DC-PEPC-MDH-linked assays

Decarboxylase (DC), phosphoenolpyruvate carboxylase (PEPC), and malate dehydrogenase (MDH)-linked assays were performed by mixing 80 μl of freshly prepared mixture A and 120 μl of mixture B. Mixture A contained 100 mm Tris-HCl, 10 mm MgSO4, 1 mm pyridoxal 5′-phosphate (PLP), and various concentrations of aspartate and glutamate (pH 8.05). Mixture B contained purified decarboxylase and Infinity Carbon Dioxide Liquid Stable Reagent (Infinity, Thermo Fisher Scientific). The final decarboxylase concentrations used were 54 μm PanD, 35 μm VF_1064 enzyme, 28 μm V. fischeri PanP for assays at 37 °C, and 14 μm V. fischeri PanP for assays at 28 °C. Like similar DC-PEPC-MDH-linked assays (5862), our assays were carried out in air. The interference of exogenous CO2 from air and buffer solution was accounted for using a negative control, in which no substrate was added. The signal produced by the negative control was linear during the measurement period and was subtracted from all signals produced by other samples containing substrates. Values of Km and kcat were determined from nonlinear fitting into the Michaelis-Menten equation using KaleidaGraph (Synergy Software). Averages across the three technical replicates were used as data points, whereas standard deviations for each data point were used as weights during the curve fitting. The Km and kcat values are reported with standard errors.

qPCR analysis

Wild-type V. fischeri cells were harvested at an A600 of ∼0.6 in DMM supplemented with glucose or mannitol as sole carbon source. Total RNA from the cell pellets was harvested using the Quick-RNA MicroPrep Kit (Zymo Research) with a 15-min on-column DNase treatment. RNA concentration and quality were assessed on a NanoDrop (Thermo Fisher Scientific) spectrophotometer. Reverse transcription for synthesizing cDNA and real-time qPCR were performed using the GoTaq Two-step RT-qPCR System (Promega) and an AriaMx real-time PCR machine (Agilent). The differential expression of VF_A0062 (forward primer, TGGATATTCCGGGTGGTAAA, and reverse primer, ACGGGTCTTGTTCTGCAAGT) in the mannitol minimal medium and the glucose minimal medium was normalized to the control gene (V. fischeri polA, VF_0074, forward primer, CGACAGCAGCAGAAGTGAAG, and reverse primer, AGCAAGACCAAACGCACTC) using the GED formula (63).

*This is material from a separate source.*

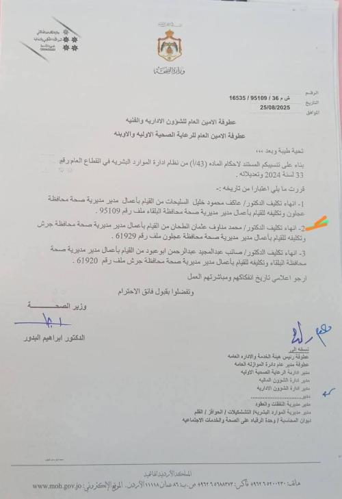 أجرى وزير الصحة الدكتور إبراهيم البدور قراراً إدارياً شمل إنهاء تكليف ثلاثة مدراء من مواقعهم الحالية، وتكليفهم بمهام إدارة مديريات صحية في محافظات أخرى.

Growth inhibition test with leucine

An overnight LB culture of each E. coli strain was washed twice in minimal medium and subcultured by 1:100 dilution into fresh MOPS minimal medium with 20 mm glucose. Once the subculture grew to about mid-exponential phase, it was washed twice again and subcultured into fresh minimal medium with or without 4 mm leucine, and its A600 was measured on a 96-well plate by an Infinite M200 plate reader (Tecan).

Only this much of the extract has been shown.